# snapping, biting puppy



## Yellie88 (Aug 25, 2011)

me again folks, just a quick one, alfie has mad half hours now and again where he bites my feet, hands, rips at my couch etc. I tell him no in a very firm voice, doesn't work, so I often give him a "time out" , where I put him in the kitchen and ignore him till he calms down. Only problem is he barks really loudly, howls, scratches the door and becomes destructive. And quite simply, does not calm down at all!!

Is there another way to combat his behaviour? 

Thanks


----------



## 912142 (Mar 28, 2011)

If I were you I would take him for a stroll and occupy his mind. It will get easier in time.


----------



## Yellie88 (Aug 25, 2011)

he's not had his 2nd injection yet so he'll be housebound for another wee while yet. I hope this will calm down when we can get him out for a good walk.


----------



## wyntersmum (Jul 31, 2011)

it will get easier when your able to get him out, its like having a toddler they get board stuck in the house all day. you prob already do play with him i found when Colin gets like that i have an old slipper and a pull rope and we have a mad half hour together with my little girl. he loves to rag lol. wait till he gets to the "teenage years" and the strops come on


----------



## 912142 (Mar 28, 2011)

Yellie88 said:


> he's not had his 2nd injection yet so he'll be housebound for another wee while yet. I hope this will calm down when we can get him out for a good walk.
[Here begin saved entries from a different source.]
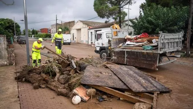 Vecinos y bomberos colaboran en la limpieza de enseres personales y calles del Santa Bàrbara (Montsià) tras el paso de la DANA Alice. / Zowy Voeten
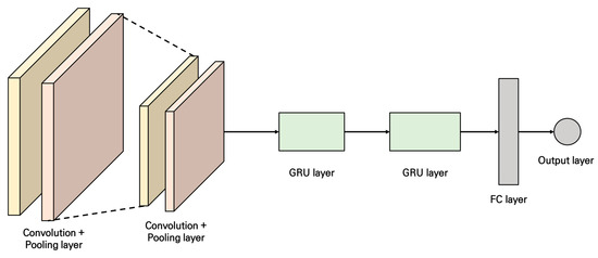 Recently, research on hybrid models that combine multiple DL models to extract features from data and perform forecasting has been ongoing. The CNN-GRU used in this study is a hybrid model that combines an upper-layer convolutional neural network (CNN) and a lower-layer gated recurrent unit (GRU) into a single model, as illustrated in Figure 2. When a GRU is used alone, there are limitations to properly reflecting the characteristics of the data. Therefore, a hybrid model approach combining a CNN and GRU has recently been adopted [34]. The characteristics of each model are as follows.
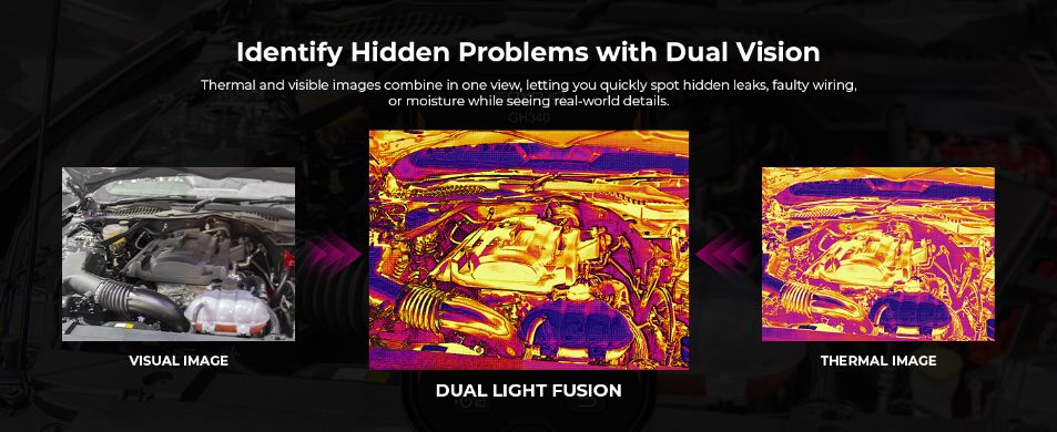 Die GH340 vereint Wärmebild- und sichtbare Optik in Echtzeit, sodass Wärmeanomalien im Kontext sichtbar werden. Diese Fusion hilft, versteckte Probleme wie Lecks, elektrische Fehler, Isolationslücken oder Feuchtigkeit schnell zu lokalisieren – bei gleichzeitiger Darstellung der umgebenden Strukturdetails. Ergebnis: schnellere Diagnose, weniger Ratespielerei, zuverlässigere Ergebnisse.

Yes this can be a bit of a problem but you could have a play around in the garden with a ball or similar - not sure what breed your dog is - I have large breed and I never play any sort of tug games with my pups or you could simply give him a marrow bone to knaw on - that will certainly keep him occupied for sometime and will tire him out!


----------



## Sled dog hotel (Aug 11, 2010)

Yellie88 said:


> me again folks, just a quick one, alfie has mad half hours now and again where he bites my feet, hands, rips at my couch etc. I tell him no in a very firm voice, doesn't work, so I often give him a "time out" , where I put him in the kitchen and ignore him till he calms down. Only problem is he barks really loudly, howls, scratches the door and becomes destructive. And quite simply, does not calm down at all!!
> 
> Is there another way to combat his behaviour?
> 
> Thanks


Ive found they can get to a point that they literally cant calm down themselves they hype up so far or some can. Ive always found the best way is time out, any attention you give whilst they are like it can inadvertently reward the behaviour and make them more likely to do it. Sometimes naughty behaviour is a way to get attention in the fist place, then it just gets out of hand. Any reaction from us can reward it. Puppies can get over tired even sometimes and then they can do it.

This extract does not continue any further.